How is the pitch accuracy if I convert an audio file containing a vocal melody into a midi file?
In other words, when the conversion doesn’t happen in real time.
Is the performance any better than real time conversions?
Is it any better than competitor products like Melodyne etc, or do you guys essentially use the same technology when it comes to pitch accuracy?
Hey @oyvind. The algorithms we have implemented are aimed towards real-time use - so we don’t really have any way of processing offline persay.
If we did offline (non-realtime) conversion after the fact - yes we could achieve much better “performance” (in terms of what you might want as your midi output) - because you’re able to go back and forth in time and correct according to information that isn’t available to a real time method.
Non-realtime methods can give you a smoother result, compared to current real time stuff. The reason for this is not really increased “accuracy” - our pitch detector is very accurate, but perhaps the issue is it’s too accurate - when really what people want is for it to be less accurate (for example ignore transients at the start of vocal notes that cause ghost notes, or ignore vocal vibrato which causes unwanted note switching etc). Something non-real time can go back over the notes and smooth them out and effectively make it less accurate, but actually closer to what a producer might want - smoothed out MIDI notes.
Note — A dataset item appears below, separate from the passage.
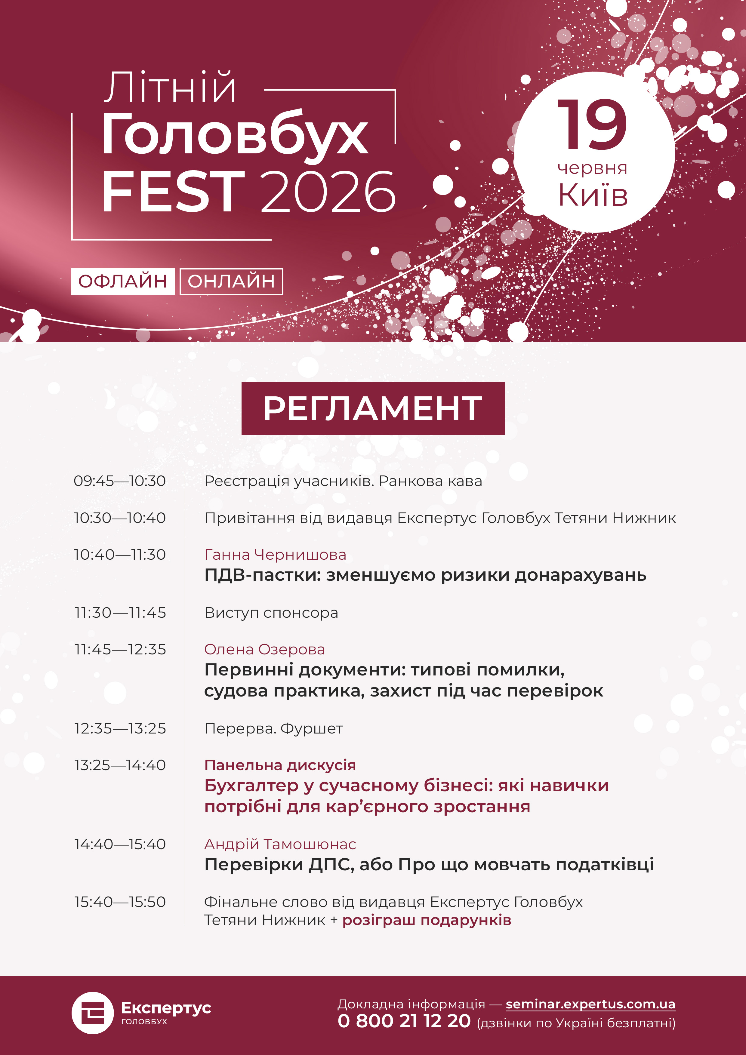 Редакція Експертус Головбух запрошує вас на вже традиційну головну подію літа — Літній ГоловбухFest-2026. Почніть літо правильно — проведіть день в колі професіоналів та однодумців
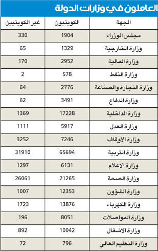 أجرت الإدارة المركزية للإحصاء إحصاء للعاملين في الجهات الحكومية والشركات المملوكة ملكية كاملة للدولة، وذلك رغبة منها في توفير مجموعة من البيانات تغطي احتياجات المخططين والباحثين والمهتمين بالقطاع الحكومي في الدولة، فضلاً عن تكوين قاعدة بيانات تفيد الجهات الحكومية بتعاطيها مع ملف العمالة والبطالة بين المواطنين.واستناداً إلى الإحصاء الذي أجري العام الماضي ونشر العام الحالي، فقد بلغ عدد العاملين في الجهات الحكومية 331333 شخصاً، منهم 240 ألف كويتي بنسبة 72.5 في المئة، علماً بأن هذه النسبة تتغير بين جهة حكومية وأخرى، فضلاً عن أن القسم الأكبر من المواطنين يعمل في وزارتي التربية والصحة.

We are currently working on some machine learning systems to solve these problems right now. It’s uncharted territory for real-time so it’s very much new and a research project. It will take some time, but it’s on the cards and currently in development.
We do recommend using our note restriction features (e.g. setting a key or using the note collector) to help. This is effectively what software like Melodyne also does - it can go back and try and match the input to a key and try and lock the MIDI notes to a key.
Hope that helps!
thank you for your detailed reply. It covered eveerything I wondered about.